Agar tidak bertele-tele, ini ada TIPS ala kadarnya yang paling
gampang diterapkan untuk memulai belajar menulis, yaitu:
Tahap Pertama (untuk latihan) :
Apa yang ada di pikiran kita, coba dieksploitasi semua (dan diimplementasikan)
dalam bentuk tulisan. Biarkan mengalir begitu saja, gak usah dipikirkan, Ini
baik apa enggak ya? Yang penting ditulis. Persis sama kalau kita ngomong atau nggedabyah,
apa nulis surat cinta gitu... (tapi, yang ini melalui tuts keyboard bukan
melalui mulut).
Tahap Kedua : Coba dibaca lagi
apa yang sudah kita tulis tadi, ada yang janggal enggak? Ada yang bertele-tele
enggak? Ada kata-kata yang terlalu baku enggak? Ada yang kurang lucu enggak?
(untuk yang nulis lucu-lucuan), Atau, ada yang kurang jelas enggak? Nah..,
ditahap ini barulah kita koreksi, mana yang perlu dirubah, mana yang perlu
ditambah atau dibuang. Persis kayak ngoreksi karangan. Jaman masih memakai
mesin ketik dulu, untuk tulisan pertama mesti harus menggunakan 2 spasi, agar
ada ruang kosong buat nyoret dan koreksi. Kalau sekarang sih ndak perlu lagi,
di komputer tinggal di-delete, beresss !
Tahap Ketiga : Baca lagi! Udah
pantas belum? Tapi, menurutku, pantas gak pantas memang harus di publish dulu.
Biarkan teman-teman yang menilai. Makin sering kirim tulisan, makin terlatih
otak kita memilih kata-kata yang enak dan pas (termasuk juga penempatan tanda
baca lho!).
Tahap Keempat : Biasakan membaca
tulisan di majalah, koran atau tulisan teman sendiri. Perhatikan karakter
tulisan tersebut (jelas beda lho, mana tulisan berita/news, features, fiksi, ilmiah,
dll). Dari situ kita bisa "belajar" , oooh ternyata gitu to nulis features itu?

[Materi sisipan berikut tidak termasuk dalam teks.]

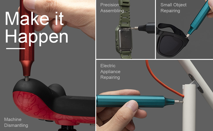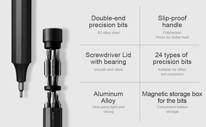 Included Components‎①Magnetic Storage box for precision bits; Portable pen-shape design. ②24 types of bits, Meet more high-precision repair needs; High-quality S2 Steel Precision Bits. ③Screwdriver lid with bearing and slip-proof handle, Suitable for single-handed usage. ④Magnetic Slot for Bits, Convenient for the quick change. ⑤Machine Dismantling; Electric Appliance Repairing; Precision Assembling; Small-Object Repairing. ⑥Weight: 150 g / Size: 12 cm x 1.7 cm x 1.7 cm. ⑦Material: Aluminum.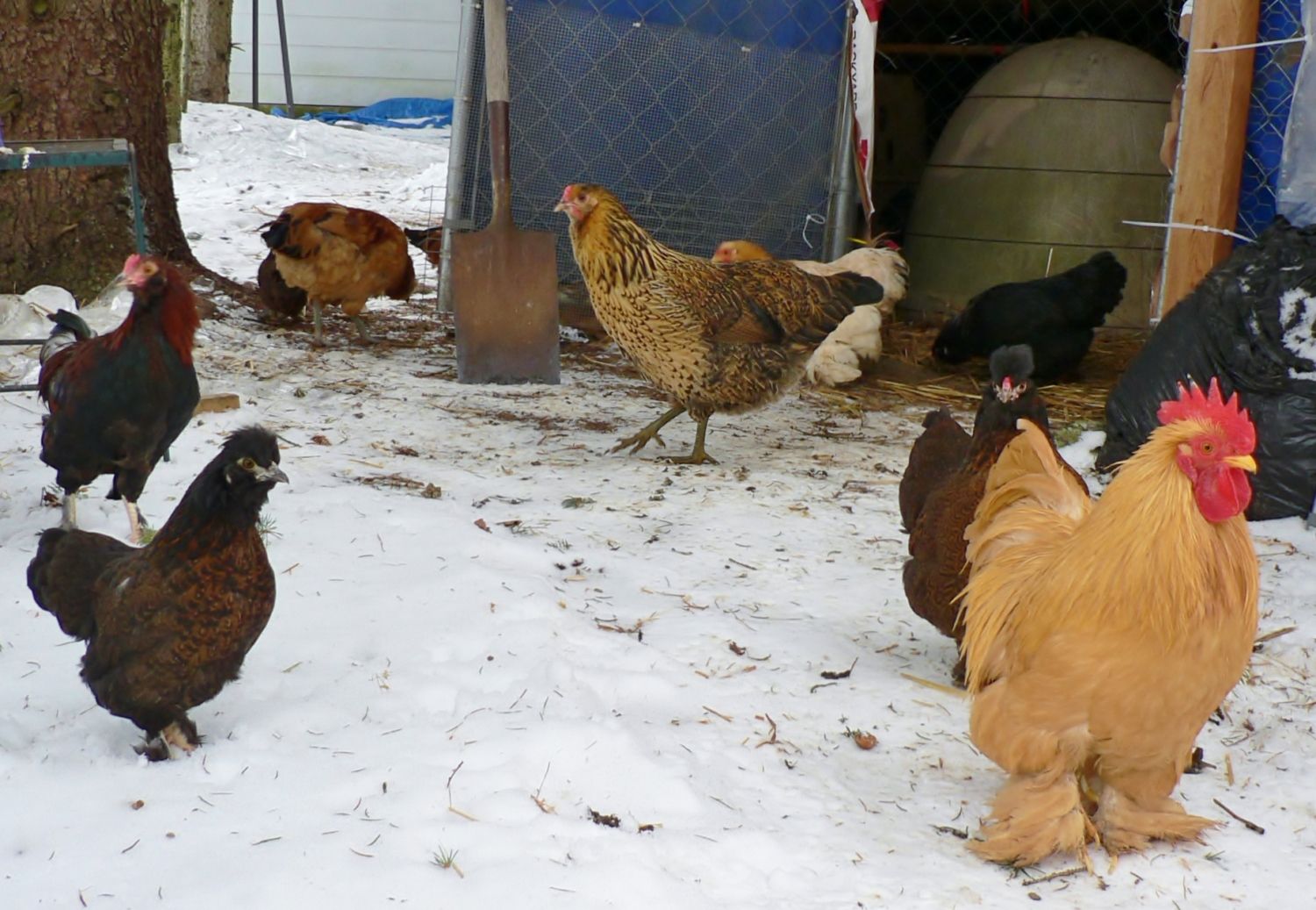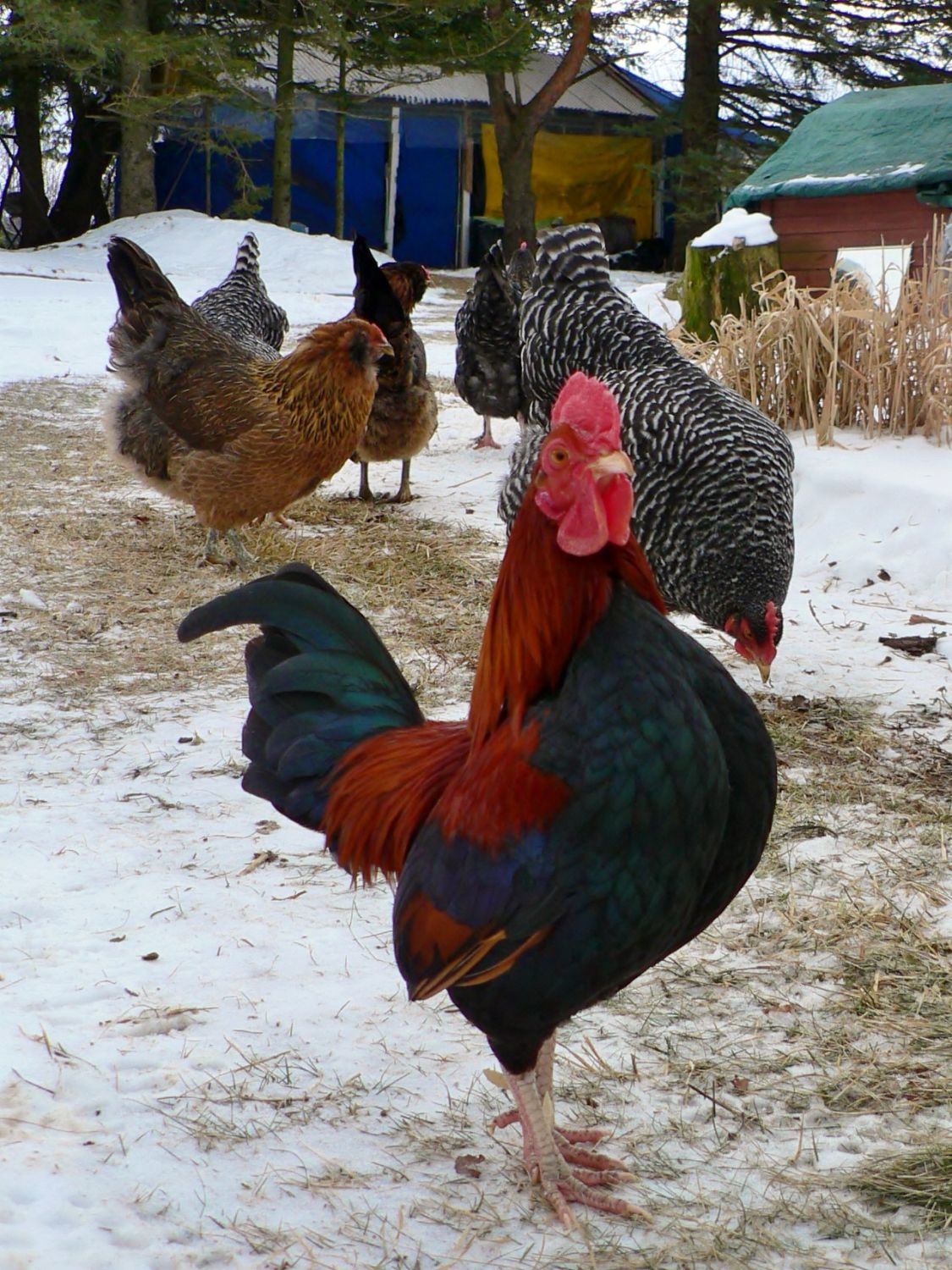 that's my day in a nutshell. up at the (butt) crack of dawn, sunrise was spectacular... the flock was still roosting for the most part, a few roosters crowing since about 4:30 didn't really rouse anyone, but they were all quick to get up when I came in with an early breakfast. spent all day together. first time in a long time the weather was nice for free range. only Gossamer didn't come out. she's still broody.

Oooh kalau tulisan news ternyata harus hemat kata (nggak
bertele-tele). Dan seterusnya, dan seterusnya. Lantas ? ya coba aja nulis
sendiri dulu....
Tahap kelima : Segera menulis
sendiri. Jangan keenakan baca tulisan ini (emang nggak capek sambil kerja disuruh
ngetik tulisan ginian? Emang gue cowok
apaan? hehehe...). Ciao !
*** Tulisan ini pernah dimuat di milist
Yahoogroups “ smantumpang”,
dan blog smantumpang.blogspot.com (Januari 2009) dengan
perubahan seperlunya.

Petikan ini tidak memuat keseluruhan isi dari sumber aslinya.